The idea is simple and straightforward
The writing is easy to follow. The writing logic is clear.
This paper beats FastV at the inference stage.

缺点

The overhead of token pruning operation. Though this operation does not cost much computation, more analysis on this is important since we want global speedup.
Speedup metric. Previous token pruning methods[1, 2] provide both GFLOPs and global latency. This work provides only GFLOPs which does not convince me of the actual speedup on hardware.
The effect of group size. As the main contribution of this paper, it does not include the discussion of the choice of group number and how will that influence performance and efficiency.
As shown in Table 5, the performance improvement is limited(<1.0) compared with FastV while FastV does not require multiply-time token pruning.

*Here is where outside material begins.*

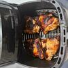 хороший аэрогриль за свою цену, большой объём чаши хватит на семью из 4человек, понравился дизайн, смотровое окошко даёт возможность наблюдать за процессом , 8 автоматических программ основных блюд, кто то пишет про запах, в инструкции прямо написано, что перед применением нужно включить на любую программу и прогреть до 20 мин., без пищи и будет вам счастье, кто то пишет снять с ножек решетки вкладыши, но там голимый острый металл остаётся и где гарантия, что он не повредит тефлоновое покрытие чаши и оно не вздуется, изучайте перед применением инструкцию и наслаждайтесь любимыми блюдами.

Overall this work is simple, but I am concerned that it may not meet the bar of ICLR.

Minor:

line 255: FalshAttention

line 253: toke

line 377: PtramimdDrop

[1] Bolya, Daniel, et al. "Token merging: Your vit but faster." arXiv preprint arXiv:2210.09461 (2022).

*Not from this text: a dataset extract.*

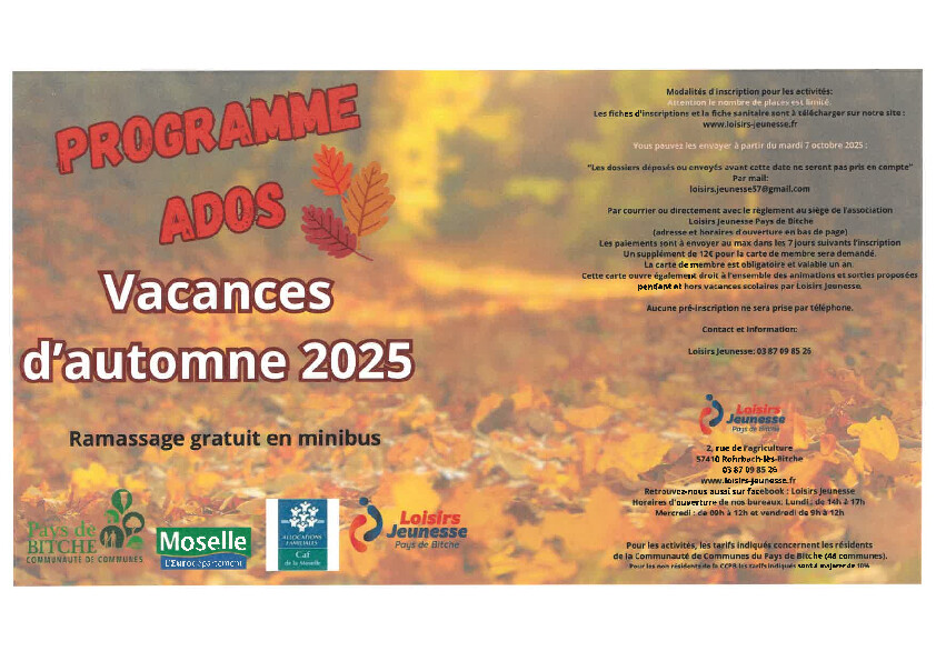 Programme des accueils de loisirs pour les enfants de 4 à 11 ans ainsi que pour les ados.

[2] Kong Z, Dong P, Ma X, et al. Spvit: Enabling faster vision transformers via latency-aware soft token pruning[C]//European conference on computer vision. Cham: Springer Nature Switzerland, 2022: 620-640.

问题

See above.

审稿意见

评分: 3置信度: 52024-11-03

This paper introduces PyramidDrop, a method to improve the efficiency of Large Vision-Language Models by progressively reducing visual tokens across model layers. Specifically, PyramidDrop addresses computational efficiency in two ways: 1) it divides the LVLM into several stages and preserves all visual tokens in shallow layers, 2) it then progressively drops tokens at the end of each stage based on a lightweight attention-based similarity calculation. The authors demonstrate that visual token redundancy increases in deeper layers of LVLMs, making this staged approach more effective. Experiments on LLaVA-NeXT show that PyramidDrop reduces training time by 40% while maintaining comparable performance across 14 different benchmarks. The method is also shown to be effective for inference acceleration, reducing FLOPs by 55% and enabling training with doubled input resolution while using only 70% of the original training time, with better performance on high-resolution tasks.

优点

The proposed method improve LVLM efficiency through progressive token reduction based on layer-wise redundancy analysis. Different from compressing tokens uniformly or only in early layers, PyramidDrop's stage-wise reduction aligns with the redundency distribution of visual tokens in LVLMs.
Experiments show the proposed method effectively reduce LLaVA-NeXT training time by 40% while maintaining performance across 14 benchmarks. It also enables training with doubled input resolution using only 70% of the original computational cost, demonstrating better efficiency-performance trade-off than existing methods like FastV.
The proposed method could be deployed as a plug-and-play module without requiring architectural modifications or additional training.
The method's design is simple yet effective, using only lightweight attention calculations for measuring token importance.

缺点

The technical novelty is very limited. The core idea of progressive token pruning has been previously explored in both LTP (Learned Token Pruning) [1] and Magic Pyramid[2] papers. LTP introduced learnable thresholds for token pruning across different layers, while Magic Pyramid combined progressive token pruning with early exiting. PyramidDrop's approach of stage-wise token reduction follows a similar progressive pruning strategy, making its technical contribution incremental.
Another critical limitation of the proposed method is its incompatibility with FlashAttention, as it relies on explicit attention score for token dropping. Without analyzing this limitation or providing comparisons against FlashAttention-powered baselines, the paper leaves open questions about the method's true efficiency gains in terms of memory usage and inference latency.

问题

See weakness for details.

撤稿通知

2024-11-14

I have read and agree with the venue's withdrawal policy on behalf of myself and my co-authors.